Volunteers also organize parties. Christmas is well-established, and Kobayashi remembers volunteers from this paper acting as Santa on several occasions. The full-scale U.S.-European-style Halloween, with costumes and games, however, is a new experience for many Japanese families.
“YC&AC — the Yokohama Cricket and Athletics Club has welcomed a dozen or so of our children for the last five years or so. They can’t participate in many of the activities, but are made to feel wonderfully at home by members and their children. Often it’s the first time our children and their parents have come into contact with the foreign community. A very happy time.”
The effect of such experiences on chronically sick children (and indeed their parents and siblings) cannot be emphasized enough. (One girl in a wheelchair was so thrilled to have contact with native English speakers, that she decided her dream was to become an interpreter.)
Kobayashi also remembers a boy with multiple illnesses. He lived in a shell; his parents had great difficulty in socializing.
The first time the mother brought him to summer camp — this was in Kanagawa — the child hardly responded and she said not a word. They came in isolation, they left in isolation. Or so everyone thought. Because they came again the following year.
Although they did not get involved, this time the mother opened up, joining a discussion group. For the first time she revealed how she and her husband had thought many times of committing suicide, dying together in the bathtub.
The third year the whole family turned up, including the child’s brother. It was, Kobayashi recalls, as if all their personalities had changed: “The parents offered to become group leaders. The boy grabbed the microphone and was urging other kids to dance. It was astonishing, a miracle.”
Kobayashi’s foundation operates on subscriptions from 800 official members, ranging from families to supporters and such corporate donors as Matsushita and Shogakkan.
“We have no foreign corporate supporters right now, but we would be very happy to hear from any one willing to help, either with money or time. We know we are the tip of the iceberg. There are thousands of families all over Japan that need help. But we can only open our hands to those who make the first move.”
Japanese hospitals, he says, are way behind in terms of medical support, compared to the rest of the developed world.
“We need to train volunteers to run recreational rooms in hospitals for chronically ill children. Japanese people are bad at networking laterally; we have to swim against the tide, cut through bureaucracy, fight the regimentation that keeps parents out of wards.”
Imagine. Your child is chronically sick and you are allowed access for only two hours a day. If a hospital is flexible, you can be there all the time, trying to be supportive to a child on, say, a ventilator, but with no backup or relief. “There’s so much resistance to overcome.”
Having said this, he is admiring and appreciative of one doctor he knows at a big hospital in Kanagawa, who now has an army of volunteers and regular story times and other activities. Such progress, Kobayashi considers, “is a model for Japan.”
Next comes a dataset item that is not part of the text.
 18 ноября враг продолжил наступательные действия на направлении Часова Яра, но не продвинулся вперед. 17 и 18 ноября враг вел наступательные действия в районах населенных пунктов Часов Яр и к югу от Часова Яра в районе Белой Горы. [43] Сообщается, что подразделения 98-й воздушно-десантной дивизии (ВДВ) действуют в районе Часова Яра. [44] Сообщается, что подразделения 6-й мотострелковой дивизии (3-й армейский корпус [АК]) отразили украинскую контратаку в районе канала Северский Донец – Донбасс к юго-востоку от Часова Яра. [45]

In a perfect world, he sees doctors, nurses, parents and local government in collaboration. But as things stand, there is little to no interest even at the local government level. “For now, we must rely on the goodwill and hard work of private citizens.”
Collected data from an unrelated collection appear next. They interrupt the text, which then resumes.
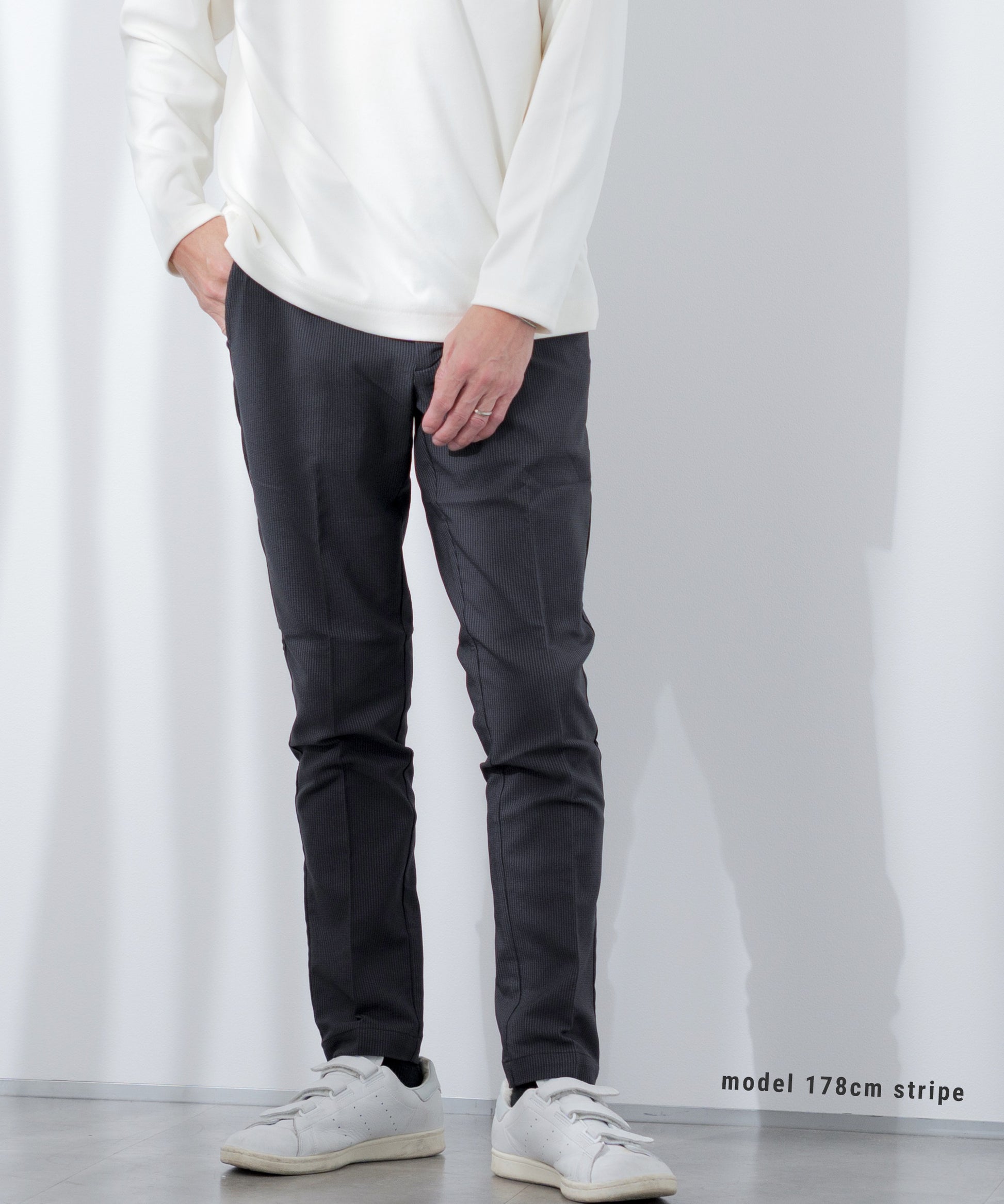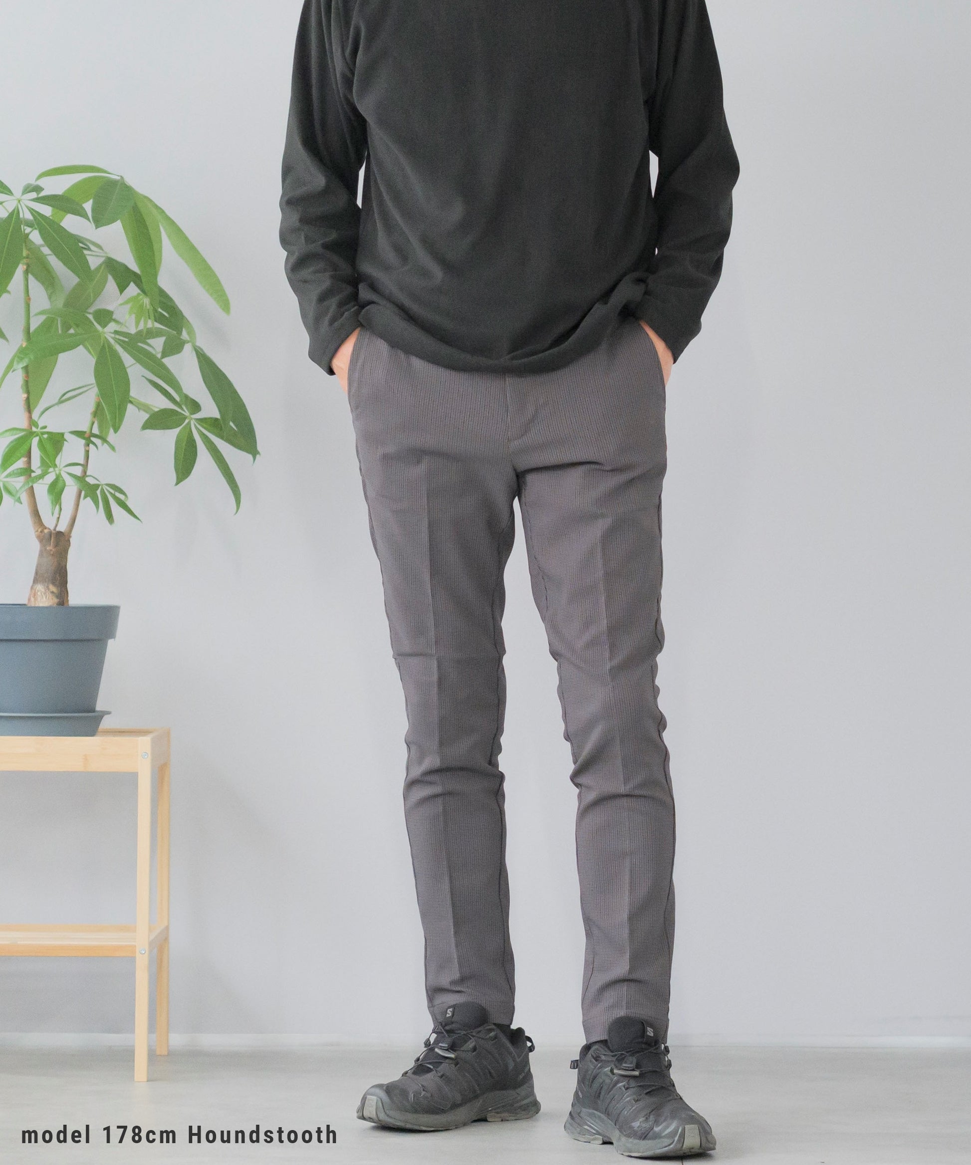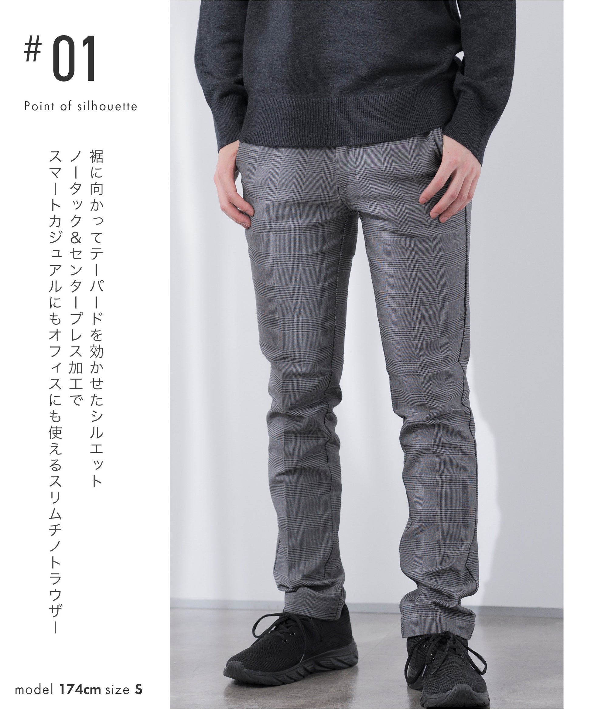 ノータック&センタープレス加工でスマートカジュアルにもオフィスにも使えるスリムトラウザー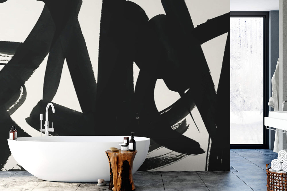 Thick, expressive black brush strokes create a striking statement of modern minimalism.
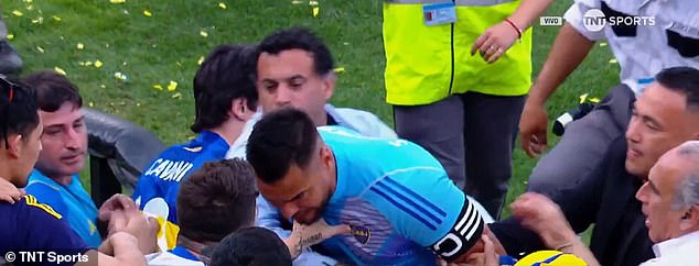 Boca’s substitute goalkeeper Leandro Brey pulled his skipper away from the angry fan

In a perfect world, every urban landscape would be barrier free. “In Yokohama’s Naka Ward, for example, I know of only three coffee shops that are conveniently accessible to wheelchairs, where mothers might meet.”
Kobayashi asks us not to be afraid when we come across a family with a chronically sick child, but to smile and be interested. Such simple support helps improve the quality of everyone’s life.
“Such children can look alarming, but they’re not dangerous, just ill. They need your compassion, understanding and help. They’re not contagious.”